Tensorflow变量初始化

时间:2017-01-21 07:26:10

标签: python tensorflow

rnn_cell = tf.nn.rnn_cell.BasicLSTMCell(rnn_size)
state = rnn_cell.zero_state(batch_size, tf.float32)
init = tf.global_variables_initializer()
sess = tf.Session()
for i in range(len(x_data)):
    x = process_x(x_data[i])[:std_size]
    y = word[i][:std_size]
    x_split = tf.split(0, time_step_size, x)
    outputs, state = tf.nn.rnn(rnn_cell, x_split, state)

    prediction = tf.reshape(tf.concat(1, outputs), [-1, rnn_size])
    real = tf.reshape(y, [-1])
    ratio = tf.ones([time_step_size * batch_size])

    loss = tf.nn.seq2seq.sequence_loss_by_example([prediction], [real], [ratio])
    cost = tf.reduce_mean(loss)/batch_size
    train = tf.train.AdamOptimizer(0.01).minimize(cost)

    tf.global_variables_initializer().run(session=sess)
    step = 0
    print state
    while step < 1000:
        sess.run(train)
        step+=1
    result = sess.run(tf.arg_max(prediction, 1))
    print result, [t for t in result] == y
    tf.get_variable_scope().reuse_variables()

如果源代码如上所述,则在for循环的每个步骤中初始化rnn_cell和state?
如果我想在其他训练案例中使用状态,那么我必须重复使用它。所以rnn_cell和state应该首先初始化,而不是在那之后 我无法想象这段代码是如何工作的。

1 个答案:

答案 0 :(得分:0)

我认为问题是您必须将计算图部分与会话运行部分分开。你现在正在做的不是张量流通常如何工作。也许试试这个:

rnn_cell = tf.nn.rnn_cell.BasicLSTMCell(rnn_size)
state = rnn_cell.zero_state(batch_size, tf.float32)
x_split = tf.split(0, time_step_size, x)
outputs, state = tf.nn.rnn(rnn_cell, x_split, state)

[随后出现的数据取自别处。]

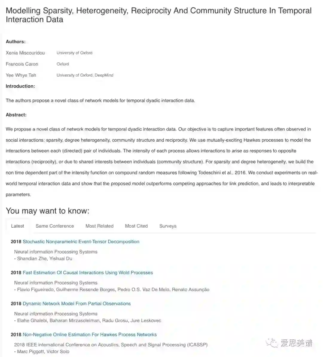 我们从五个维度对每篇论文进行了相似论文推荐,形成论文推荐矩阵。这些维度包括最新、同会议、最相关、被引用数最多和导读类论文,这种多维度推荐能够满足不同用户的不同需求。AceMap针对NeurIPS 2018各篇论文的相似论文推荐页面如下如所示:

prediction = tf.reshape(tf.concat(1, outputs), [-1, rnn_size])
real = tf.reshape(y, [-1])
ratio = tf.ones([time_step_size * batch_size])

loss = tf.nn.seq2seq.sequence_loss_by_example([prediction], [real], [ratio])
cost = tf.reduce_mean(loss)/batch_size
train = tf.train.AdamOptimizer(0.01).minimize(cost)

init = tf.global_variables_initializer()
sess = tf.Session()
sess.run(init)

for i in range(len(x_data)):
    x = process_x(x_data[i])[:std_size]
    y = word[i][:std_size]

step = 0
while step < 1000:
    sess.run(train, feed_dict={x_split:x, real:y})
    step+=1
    result = sess.run(tf.arg_max(prediction, 1))
    print result, [t for t in result] == y

您的代码可能存在一些设计问题,但重点是将图形设计与“培训”分开。